Kernel optimization with FlyDSL (primary optimization): We used FlyDSL to rapidly implement a mixed-precision (W4A16 + BF16) fused MoE kernel that replaces the default Triton-based implementation in SGLang. FlyDSL’s Python-native workflow and instruction-level control enabled us to achieve strong kernel performance in a very short development cycle — a task that would have required significant additional tuning with Triton or impractical effort with assembly-level approaches like CK.
Framework-level optimizations: In addition to the kernel replacement, we enabled --enable-torch-compile to reduce CPU-side kernel launch overhead (especially effective during decode), and --disable-radix-cache to eliminate unnecessary prefix cache lookups in random-input benchmarks and free memory for KV cache. These framework-level flags further complement the FlyDSL kernel optimization.

Combined, these optimizations deliver substantial end-to-end improvements: up to 65% lower TTFT, 69% lower TPOT, and 162% higher throughput at high concurrency — all with no accuracy degradation on the GSM8K benchmark.

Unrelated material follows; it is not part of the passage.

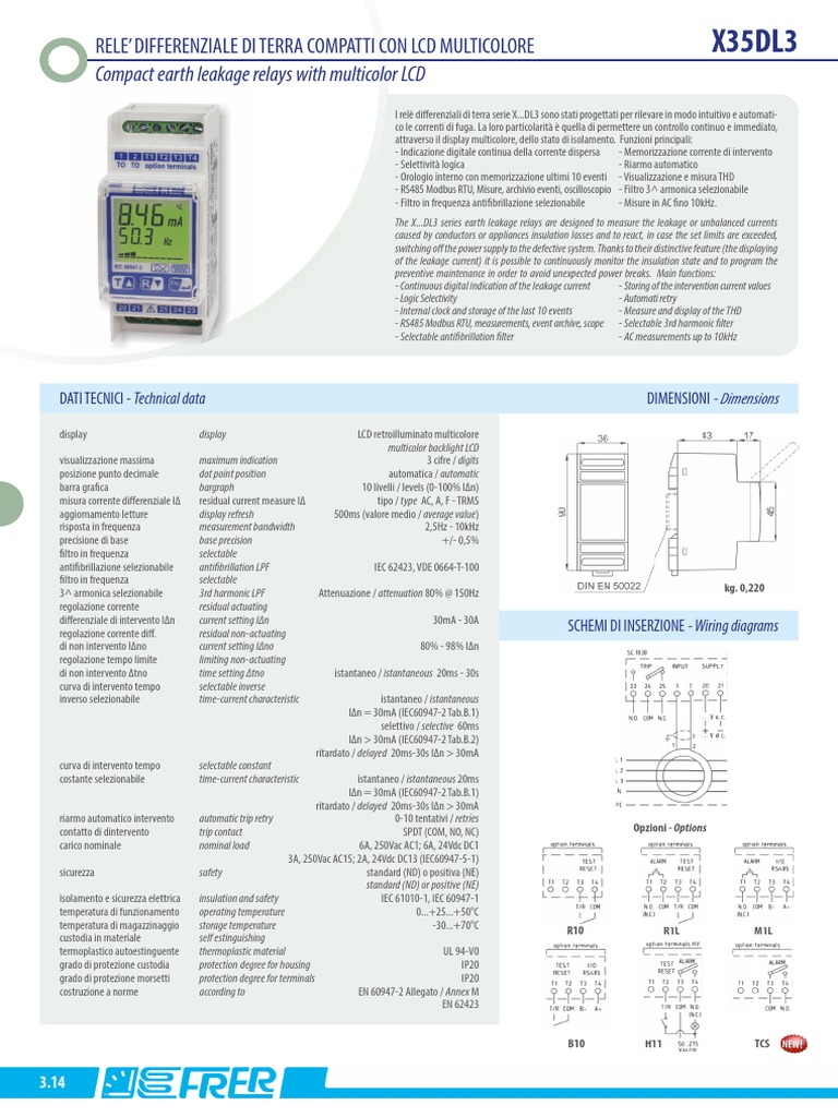 RELE’ DIFFERENZIALE DI TERRA COMPATTI CON LCD MULTICOLORE X35DL3

FlyDSL proved to be a powerful tool for rapidly optimizing new models as they emerge. Instead of spending weeks on hand-tuned HIP C++ or assembly kernels, our team was able to iterate quickly in Python — leveraging FlyDSL’s composable layout abstractions and MLIR compilation pipeline — while still achieving top-tier performance on MI300X.

Looking ahead, the optimizations demonstrated in this blog — including the FlyDSL-based fused MoE kernel and the associated framework changes — will be progressively merged into the upstream SGLang and AITER repositories, making these performance gains available to the broader community.

Acknowledgements#

The authors wish to thank the FlyDSL community developers for their invaluable guidance and suggestions on the FlyDSL-related optimizations presented in this blog.

References#

[1] OpenClaw - An open-source, local-first autonomous AI agent

[2] Kimi-K2.5 — Moonshot AI’s Mixture-of-Experts LLM

[3] FlyDSL — Flexible Layout Python DSL for GPU kernel development

[4] SGLang — Fast serving framework for large language models

[5] Cute — CuTe layout algebra concepts (BSD-3-Clause parts only; no EULA-licensed code was referenced)

[6] CK — Tile-based kernel design patterns for AMD GPUs

[7] AITER — AI Tensor Engine for ROCm

[8] lm-evaluation-harness — Framework for evaluating language models

Disclaimers#

Third-party content is licensed to you directly by the third party that owns the content and is not licensed to you by AMD. ALL LINKED THIRD-PARTY CONTENT IS PROVIDED “AS IS” WITHOUT A WARRANTY OF ANY KIND. USE OF SUCH THIRD-PARTY CONTENT IS DONE AT YOUR SOLE DISCRETION AND UNDER NO CIRCUMSTANCES WILL AMD BE LIABLE TO YOU FOR ANY THIRD-PARTY CONTENT. YOU ASSUME ALL RISK AND ARE SOLELY RESPONSIBLE FOR ANY DAMAGES THAT MAY ARISE FROM YOUR USE OF THIRD-PARTY CONTENT.